The oldest evidence of stone-tipped projectiles, which may or may not have been propelled by a bow (cf. atlatl), dating to c. 280,000 years ago, were found in Ethiopia, present day East Africa.
The oldest evidence of the use of bows to shoot arrows dates to about 10,000 years ago; it is based on pinewood arrows found in the Ahrensburg valley north of Hamburg. They had shallow grooves on the base, indicating that they were shot from a bow. The oldest bow so far recovered is about 8,000 years old, found in the Holmegård swamp in Denmark.

Archery seems to have arrived in the Americas with the Arctic small tool tradition, about 4,500 years ago.

The first devices identified as guns appeared in China around 1000 AD, and by the 12th century the technology was spreading through the rest of Asia, and into Europe by the 13th century.

After millennia of empirical development, the discipline of ballistics was initially studied and developed by Italian mathematician Niccolò Tartaglia in 1531, although he continued to use segments of straight-line motion, conventions established by the Greek philosopher Aristotle and Albert of Saxony, but with the innovation that he connected the straight lines by a circular arc. Galileo established the principle of compound motion in 1638, using the principle to derive the parabolic form of the ballistic trajectory. Ballistics was put on a solid scientific and mathematical basis by Isaac Newton, with the publication of Philosophiæ Naturalis Principia Mathematica in 1687. This gave mathematical laws of motion and gravity which for the first time made it possible to successfully predict trajectories.

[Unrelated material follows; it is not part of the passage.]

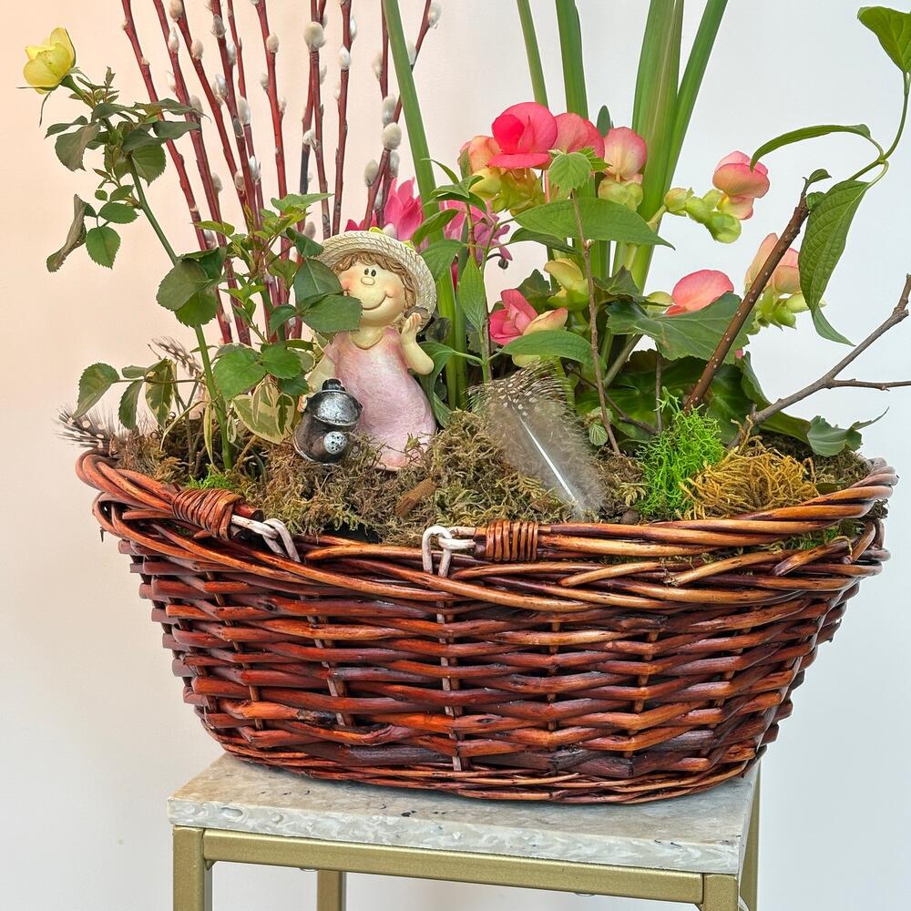 Бегония, цикламен, нарциссы, сувенир Девочка и веточки вербы в подарочной корзине на Пасху

The word ballistics comes from the Greek βάλλειν ballein, meaning "to throw".

==Projectiles==

A projectile is any object projected into space (empty or not) by the exertion of a force. Although any object in motion through space (for example a thrown baseball) is a projectile, the term most commonly refers to a weapon. Mathematical equations of motion are used to analyze projectile trajectory.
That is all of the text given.